- **Task details**
Output only the lines below that start at the line containing "EZ-Qダートマスターは軽快" and end at the line containing "Cropped shirt in", with both ends kept.

- **Record extracts**
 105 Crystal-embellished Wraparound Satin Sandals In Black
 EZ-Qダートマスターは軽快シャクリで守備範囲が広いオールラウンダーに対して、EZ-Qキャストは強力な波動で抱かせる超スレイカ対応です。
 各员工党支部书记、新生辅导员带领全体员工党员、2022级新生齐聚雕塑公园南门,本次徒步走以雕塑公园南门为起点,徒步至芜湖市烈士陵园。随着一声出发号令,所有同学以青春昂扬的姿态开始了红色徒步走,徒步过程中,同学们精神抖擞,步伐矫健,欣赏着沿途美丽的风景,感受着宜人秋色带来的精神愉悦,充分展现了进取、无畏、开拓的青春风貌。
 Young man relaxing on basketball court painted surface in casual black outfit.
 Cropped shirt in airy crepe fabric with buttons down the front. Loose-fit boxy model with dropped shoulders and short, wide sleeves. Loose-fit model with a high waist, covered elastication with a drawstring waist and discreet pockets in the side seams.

---

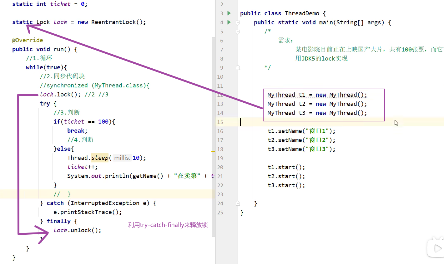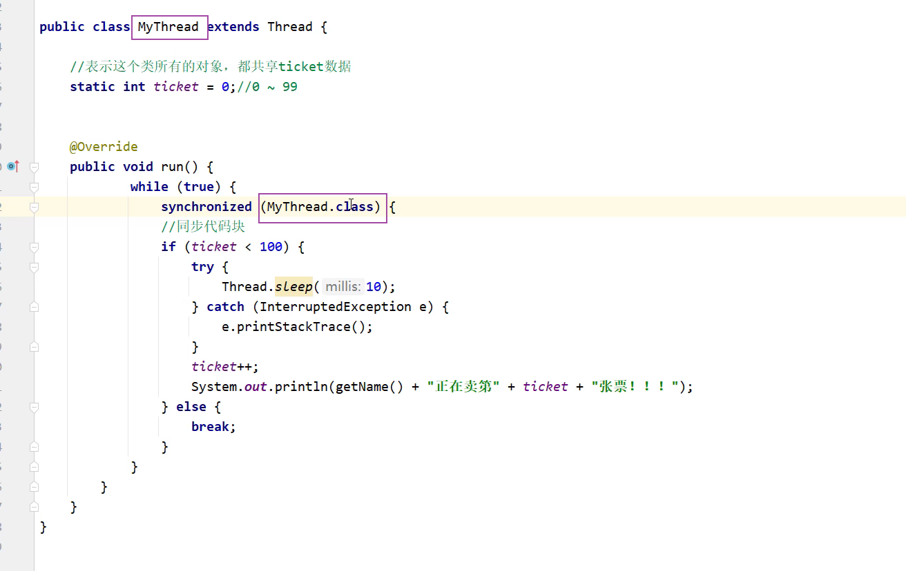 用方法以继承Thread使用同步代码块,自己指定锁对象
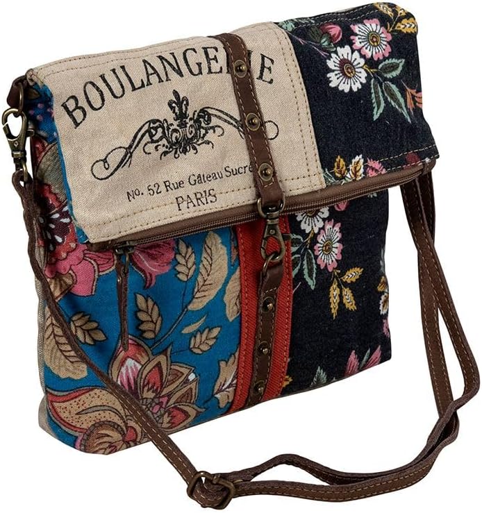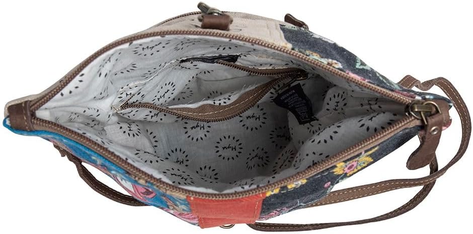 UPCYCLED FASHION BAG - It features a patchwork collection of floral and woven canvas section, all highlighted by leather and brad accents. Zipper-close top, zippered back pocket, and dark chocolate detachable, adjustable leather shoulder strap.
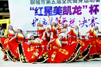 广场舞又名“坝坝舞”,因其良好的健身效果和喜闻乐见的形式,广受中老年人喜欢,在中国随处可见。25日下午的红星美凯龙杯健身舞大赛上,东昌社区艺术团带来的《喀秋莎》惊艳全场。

...

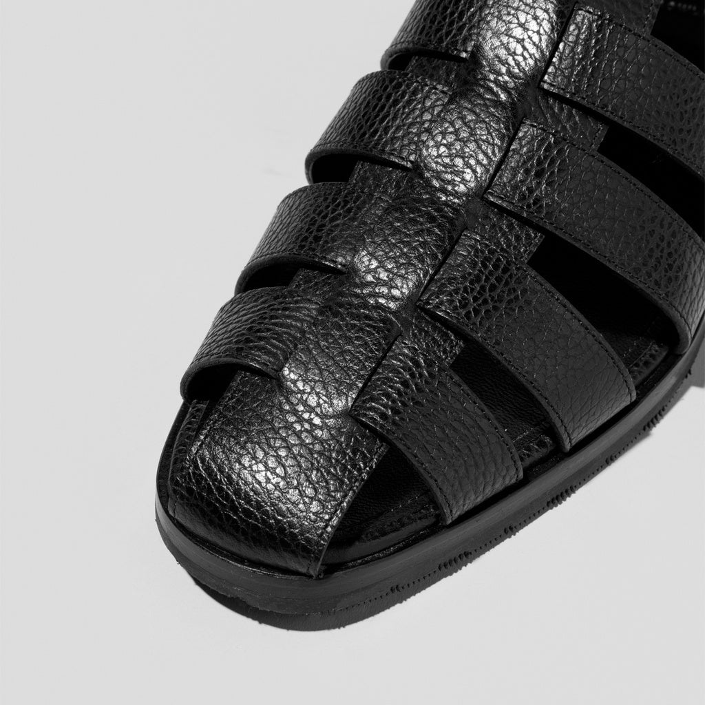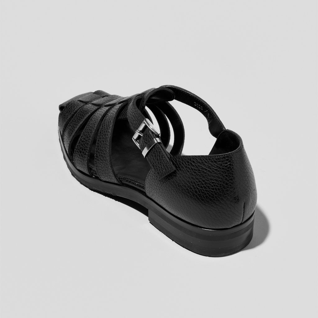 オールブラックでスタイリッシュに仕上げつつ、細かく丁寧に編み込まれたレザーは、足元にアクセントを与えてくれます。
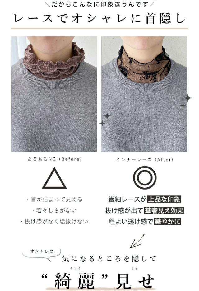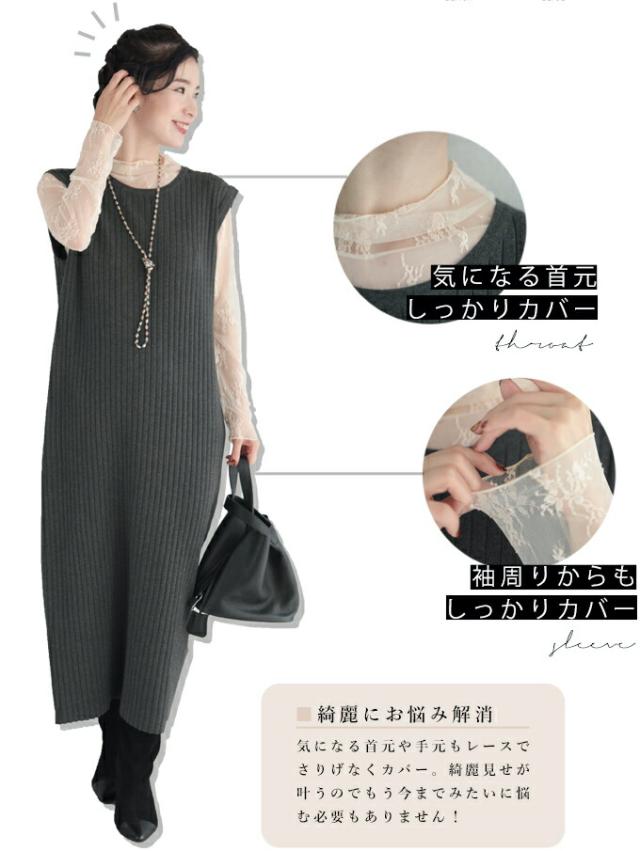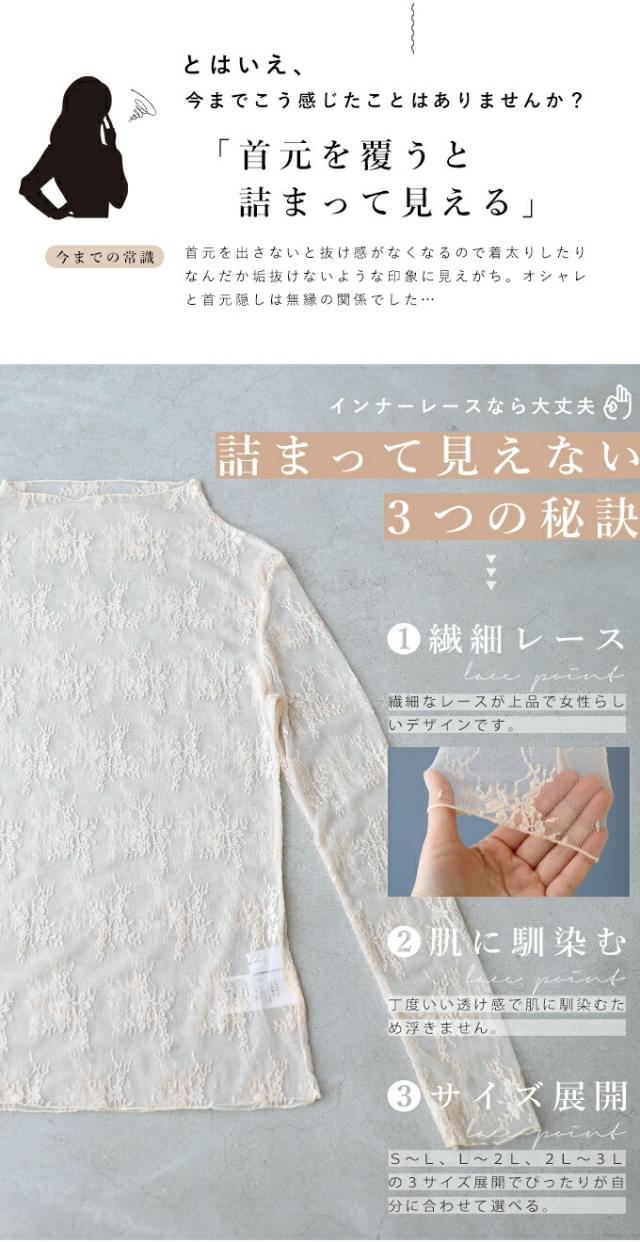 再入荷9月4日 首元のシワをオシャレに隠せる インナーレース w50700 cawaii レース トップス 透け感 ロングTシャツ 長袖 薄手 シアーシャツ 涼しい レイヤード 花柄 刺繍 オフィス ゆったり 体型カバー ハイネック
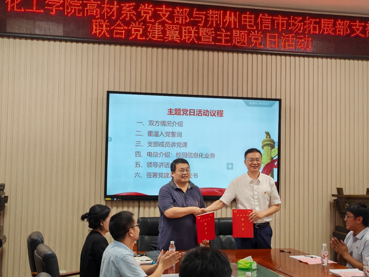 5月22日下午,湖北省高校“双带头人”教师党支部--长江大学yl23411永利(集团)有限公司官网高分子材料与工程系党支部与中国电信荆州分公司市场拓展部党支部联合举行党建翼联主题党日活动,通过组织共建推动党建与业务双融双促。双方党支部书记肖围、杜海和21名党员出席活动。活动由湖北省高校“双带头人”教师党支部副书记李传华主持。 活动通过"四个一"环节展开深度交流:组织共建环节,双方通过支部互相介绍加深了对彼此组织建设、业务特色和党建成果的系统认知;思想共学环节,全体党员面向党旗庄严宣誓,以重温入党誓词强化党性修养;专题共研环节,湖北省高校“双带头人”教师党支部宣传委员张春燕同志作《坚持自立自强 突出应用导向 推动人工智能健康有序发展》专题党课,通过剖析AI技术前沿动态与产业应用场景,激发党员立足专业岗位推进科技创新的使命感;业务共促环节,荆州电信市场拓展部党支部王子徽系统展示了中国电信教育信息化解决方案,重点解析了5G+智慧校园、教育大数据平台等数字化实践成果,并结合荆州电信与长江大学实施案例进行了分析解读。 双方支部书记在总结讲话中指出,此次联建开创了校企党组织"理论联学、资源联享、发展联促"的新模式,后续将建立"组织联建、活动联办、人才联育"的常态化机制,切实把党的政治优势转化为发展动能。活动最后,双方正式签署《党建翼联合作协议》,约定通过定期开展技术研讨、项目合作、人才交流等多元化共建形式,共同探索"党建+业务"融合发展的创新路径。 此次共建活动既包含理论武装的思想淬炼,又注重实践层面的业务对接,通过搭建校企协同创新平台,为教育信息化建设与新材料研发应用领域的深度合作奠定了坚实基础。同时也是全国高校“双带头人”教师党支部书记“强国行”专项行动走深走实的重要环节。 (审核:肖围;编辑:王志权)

- **Task solution**
 EZ-Qダートマスターは軽快シャクリで守備範囲が広いオールラウンダーに対して、EZ-Qキャストは強力な波動で抱かせる超スレイカ対応です。
 各员工党支部书记、新生辅导员带领全体员工党员、2022级新生齐聚雕塑公园南门,本次徒步走以雕塑公园南门为起点,徒步至芜湖市烈士陵园。随着一声出发号令,所有同学以青春昂扬的姿态开始了红色徒步走,徒步过程中,同学们精神抖擞,步伐矫健,欣赏着沿途美丽的风景,感受着宜人秋色带来的精神愉悦,充分展现了进取、无畏、开拓的青春风貌。
 Young man relaxing on basketball court painted surface in casual black outfit.
 Cropped shirt in airy crepe fabric with buttons down the front. Loose-fit boxy model with dropped shoulders and short, wide sleeves. Loose-fit model with a high waist, covered elastication with a drawstring waist and discreet pockets in the side seams.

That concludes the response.